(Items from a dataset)
--------------------
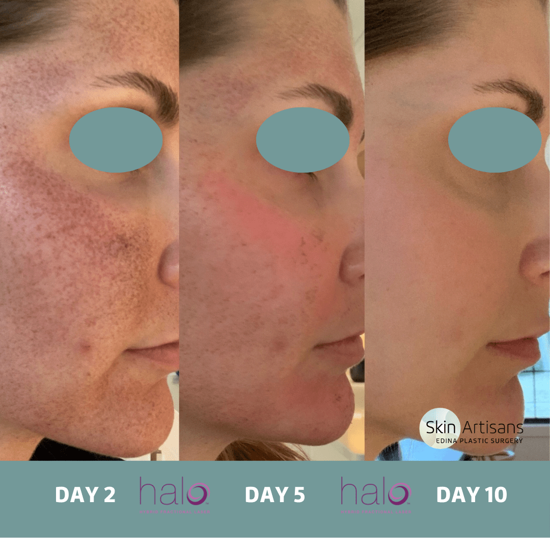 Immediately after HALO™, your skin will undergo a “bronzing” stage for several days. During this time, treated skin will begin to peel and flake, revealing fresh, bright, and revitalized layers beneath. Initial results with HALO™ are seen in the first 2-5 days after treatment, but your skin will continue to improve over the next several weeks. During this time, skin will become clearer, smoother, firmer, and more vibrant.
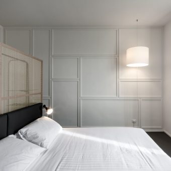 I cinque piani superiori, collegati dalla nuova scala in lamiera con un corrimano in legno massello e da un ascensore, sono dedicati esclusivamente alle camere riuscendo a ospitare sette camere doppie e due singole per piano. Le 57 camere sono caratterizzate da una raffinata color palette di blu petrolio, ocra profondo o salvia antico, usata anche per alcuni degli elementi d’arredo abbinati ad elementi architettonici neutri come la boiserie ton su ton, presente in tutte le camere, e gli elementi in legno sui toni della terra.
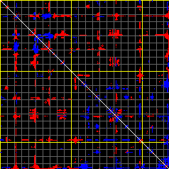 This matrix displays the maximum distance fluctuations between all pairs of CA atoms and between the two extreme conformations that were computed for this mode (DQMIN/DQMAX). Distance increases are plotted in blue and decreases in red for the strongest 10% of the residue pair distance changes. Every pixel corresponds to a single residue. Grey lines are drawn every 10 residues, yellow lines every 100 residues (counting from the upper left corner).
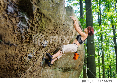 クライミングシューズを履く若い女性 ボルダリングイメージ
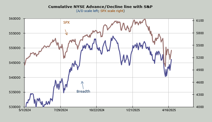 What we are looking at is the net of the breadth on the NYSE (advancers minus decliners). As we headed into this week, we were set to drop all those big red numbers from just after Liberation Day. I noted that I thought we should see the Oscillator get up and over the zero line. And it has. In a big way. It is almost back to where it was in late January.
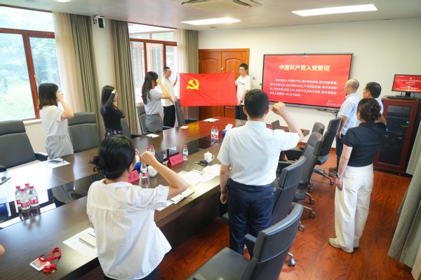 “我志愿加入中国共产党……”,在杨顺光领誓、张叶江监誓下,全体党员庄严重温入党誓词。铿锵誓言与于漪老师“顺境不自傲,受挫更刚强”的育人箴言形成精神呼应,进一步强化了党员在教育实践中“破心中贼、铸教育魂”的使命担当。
--------------------
■ **Exercise directions**
Copy exactly the lines from the line containing "クライミングシューズを履く若い女性 ボルダリングイメージ" through the last line of the records above, both included, and leave out any pictures.

■ **Response to this task**
 クライミングシューズを履く若い女性 ボルダリングイメージ
 What we are looking at is the net of the breadth on the NYSE (advancers minus decliners). As we headed into this week, we were set to drop all those big red numbers from just after Liberation Day. I noted that I thought we should see the Oscillator get up and over the zero line. And it has. In a big way. It is almost back to where it was in late January.
 “我志愿加入中国共产党……”,在杨顺光领誓、张叶江监誓下,全体党员庄严重温入党誓词。铿锵誓言与于漪老师“顺境不自傲,受挫更刚强”的育人箴言形成精神呼应,进一步强化了党员在教育实践中“破心中贼、铸教育魂”的使命担当。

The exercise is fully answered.